◆ Problem statement:
Output exactly the lines below from the one containing "- DaoAuthenticationProvider 클래스의" to the last line, both included. Omit pictures.

◆ Data to examine:
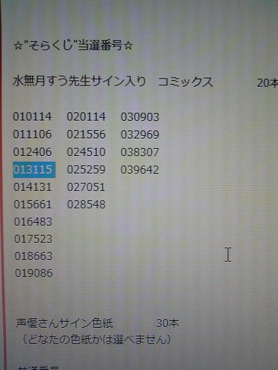 今日、カントク先生のサイン会に行ってまいりました。 着いたのが11時くらいで、すでに何人か周辺に来ていました。 11時15分丁度に受付開始でした。 大体サイン会には、90人くらい来ていました。 サイン会の前にトークが少しありました。 でいよいよサイン会となりましたが、サイン会には何回か参加したことがありますがやはり緊張しますね。 ちょっとだけですがカントク先生と話せて幸せでした。 ゲームの方も早く全ルート見なくちゃです。 会場にはすでに全コンプリートした人が二人もいました。 すごいです。
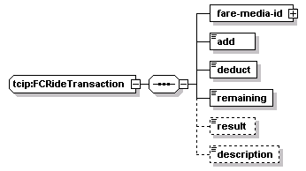 | source | <xs:complexType name="FCRideTransaction"> <xs:sequence> <xs:element name="fare-media-id" type="FCFareMediaID"/> <xs:element name="add" type="FC-RideValueAdd"/> <xs:element name="deduct" type="FC-RideValueDeduct"/> <xs:element name="remaining" type="FC-RideValueRemaining"/> <xs:element name="result" type="FC-TransactionResult" minOccurs="0"/> <xs:element name="description" type="FC-TransactionDescription" minOccurs="0"/> </xs:sequence> </xs:complexType> |
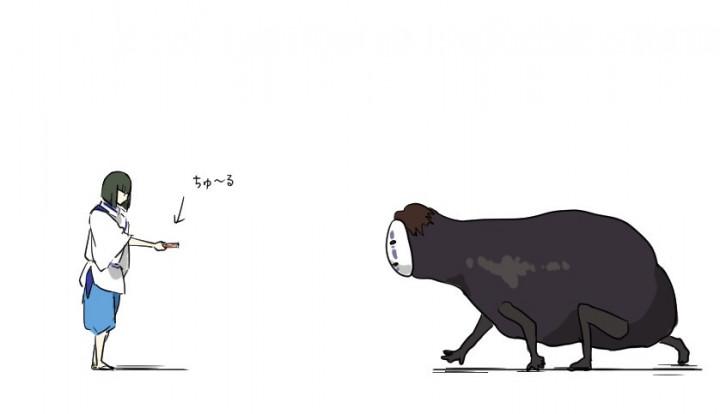 最後チャペママに貰ったハクにチュールで釣られるカオナシ
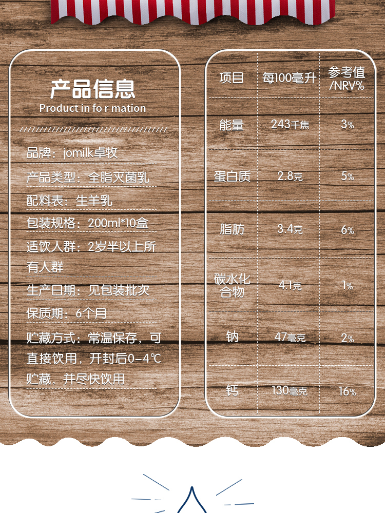 卓牧纯山羊奶新鲜奶源纯羊奶儿童成人孕妇200ml*10盒
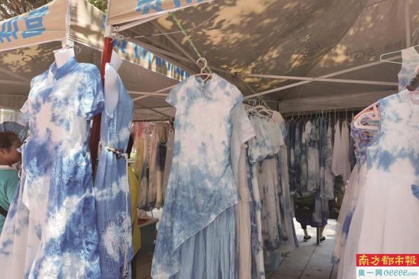 球场外,王大姐在路边卖扎染的衣服。
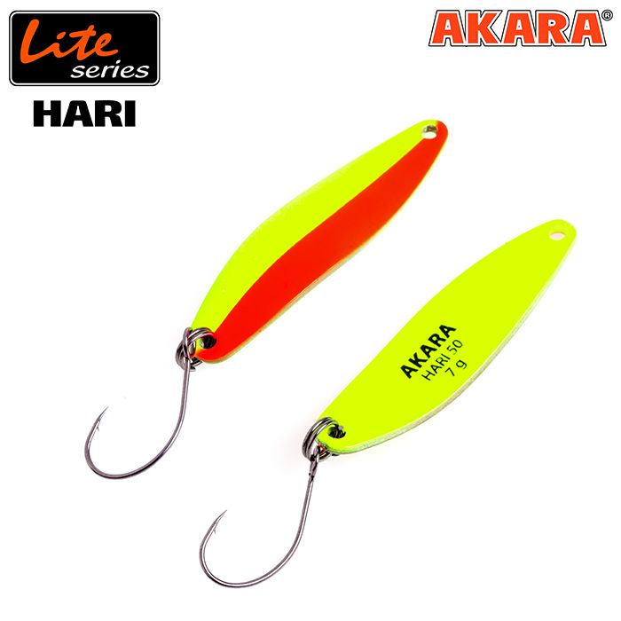 Akara Lite Series Hari 50. Блесна имеет превосходные полетные данные, позволяющие использовать ее на длинных дистанциях, что очень важно при ловле осторожной рыбы, прежде всего жереха и форели. Узкая, имитирующая малька форма блесны демонстрирует активную и устойчивую игру средней частоты. Так же, прогонистое тело приманки обеспечивает успешное применение ее на течении: при проводке на снос или против струи.
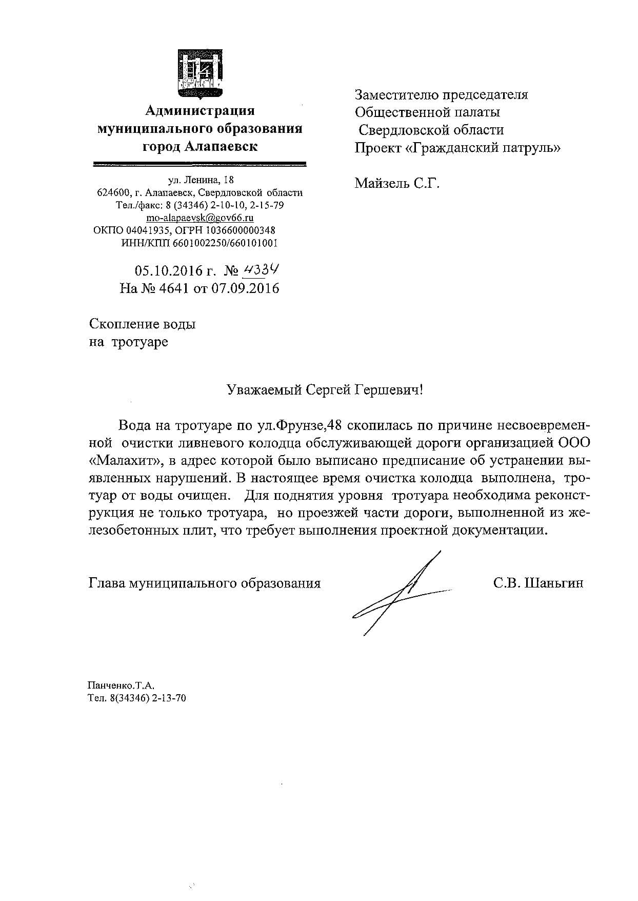 Номер жалобы:8407 Тип жалобы:Ямы на тротуарах Название объекта: Регион:Свердловская область Город:Алапаевск Адрес:Фрунзе, 48 Описание жалобы:Лужа на всю ширину тротуара, необходимо поднять уровень тротуара Статус:
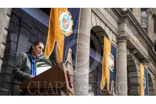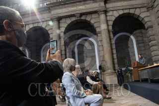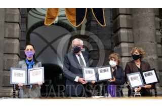 CIUDAD DE MÉXICO, 22SEPTIEMBRE2021.- Claudia Sheinbaum, Jefa de Gobierno; Enrique Graue Wiechers, rector de la UNAM; Rocío Barcena, directora general del Servicio Postal Mexicano, y Rosaura Ruiz Gutiérrez, secretaria de Educación, Ciencia, Tecnología e Innovación, encabezaron la cancelación de la Estampilla Postal de 100 años del Escudo y Lema Universitario, que se realizo en el Palacio de Minería; en el Centro Histórico de la Ciudad. FOTO: CUARTOSCURO.COM
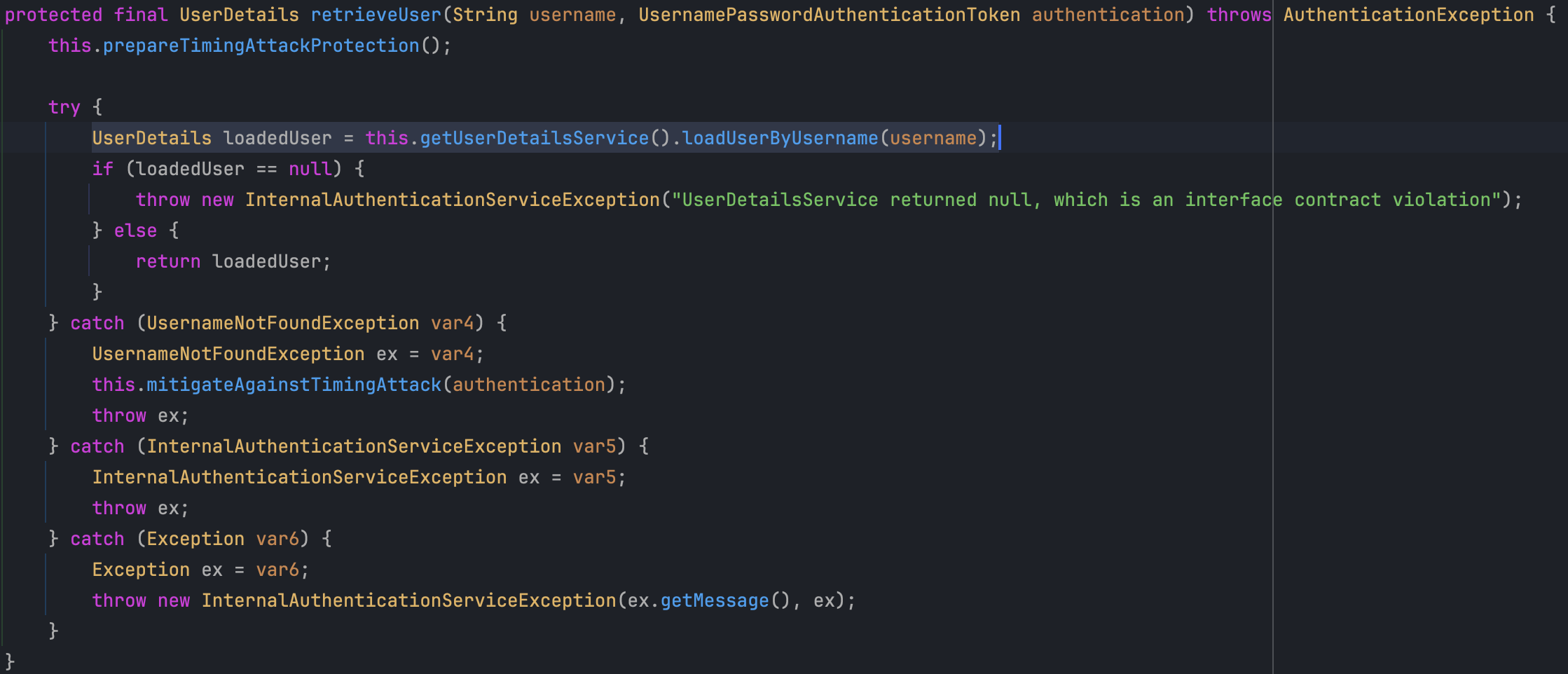 - DaoAuthenticationProvider 클래스의 retrieveUser 메서드를 살펴보면 UserDetailsService에서 loadUserByUsername 메서드를 호출하여 리턴 받은 UserDetails 객체를 loadedUser에 싣는 것을 확인할 수 있습니다.
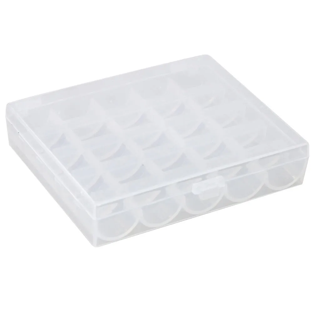 Храните катушки для швейных машин в этой пластиковой коробке.
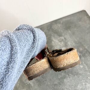 Naot santa barbara camel tan nubuck slip on buckle slide sandals size 9
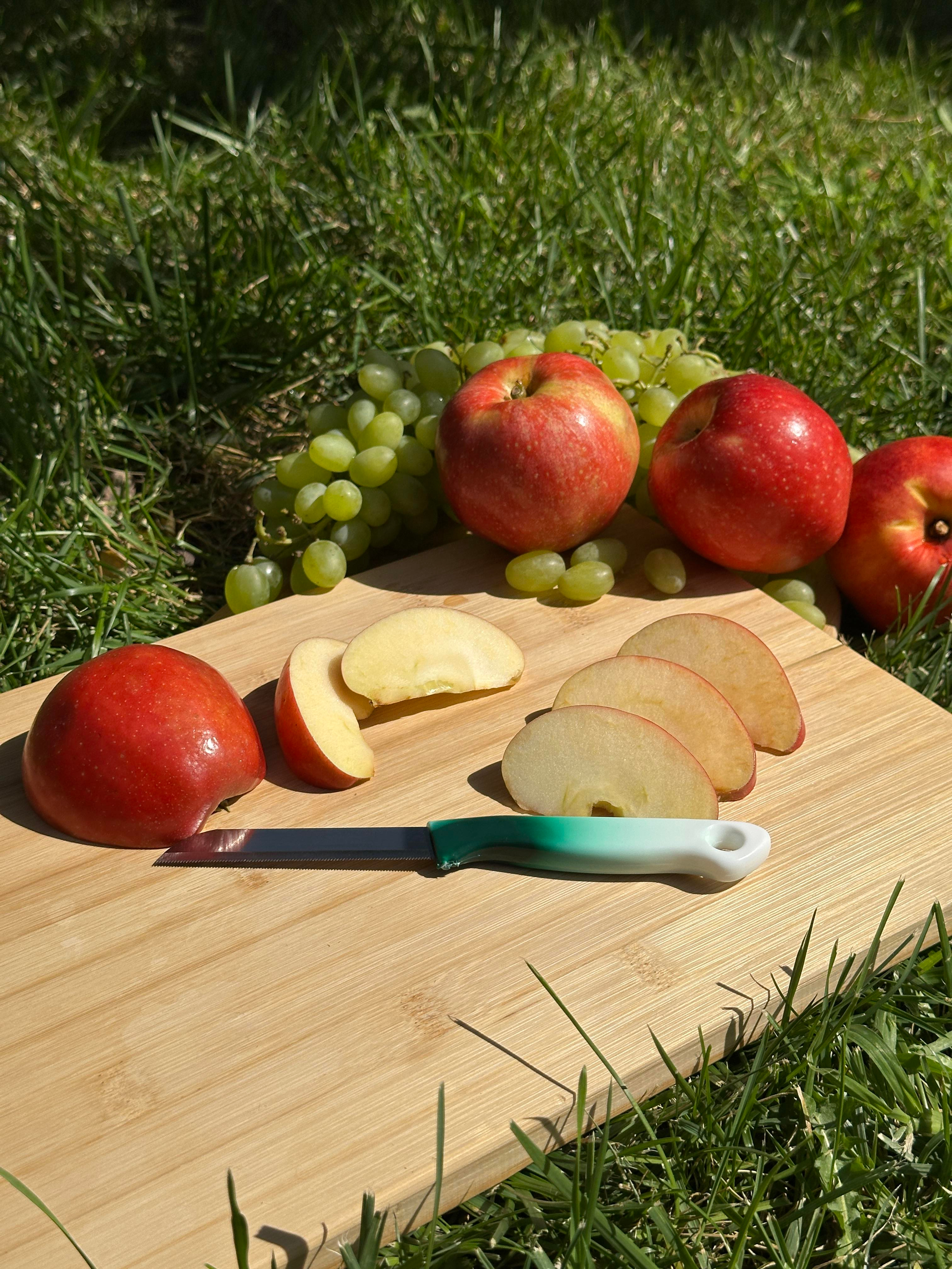 Almanya’nın Solingen şehrinde üretilmiş %100 orijinal paslanmaz çelik meyve bıçağı. Tırtıklı ağzı sayesinde bileme gerektirmeyen, ergonomik yeşil ebruli sapıyla estetik ve pratik bir mutfak yardımcısı.

◆ Reply:
 - DaoAuthenticationProvider 클래스의 retrieveUser 메서드를 살펴보면 UserDetailsService에서 loadUserByUsername 메서드를 호출하여 리턴 받은 UserDetails 객체를 loadedUser에 싣는 것을 확인할 수 있습니다.
 Храните катушки для швейных машин в этой пластиковой коробке.
 Naot santa barbara camel tan nubuck slip on buckle slide sandals size 9
 Almanya’nın Solingen şehrinde üretilmiş %100 orijinal paslanmaz çelik meyve bıçağı. Tırtıklı ağzı sayesinde bileme gerektirmeyen, ergonomik yeşil ebruli sapıyla estetik ve pratik bir mutfak yardımcısı.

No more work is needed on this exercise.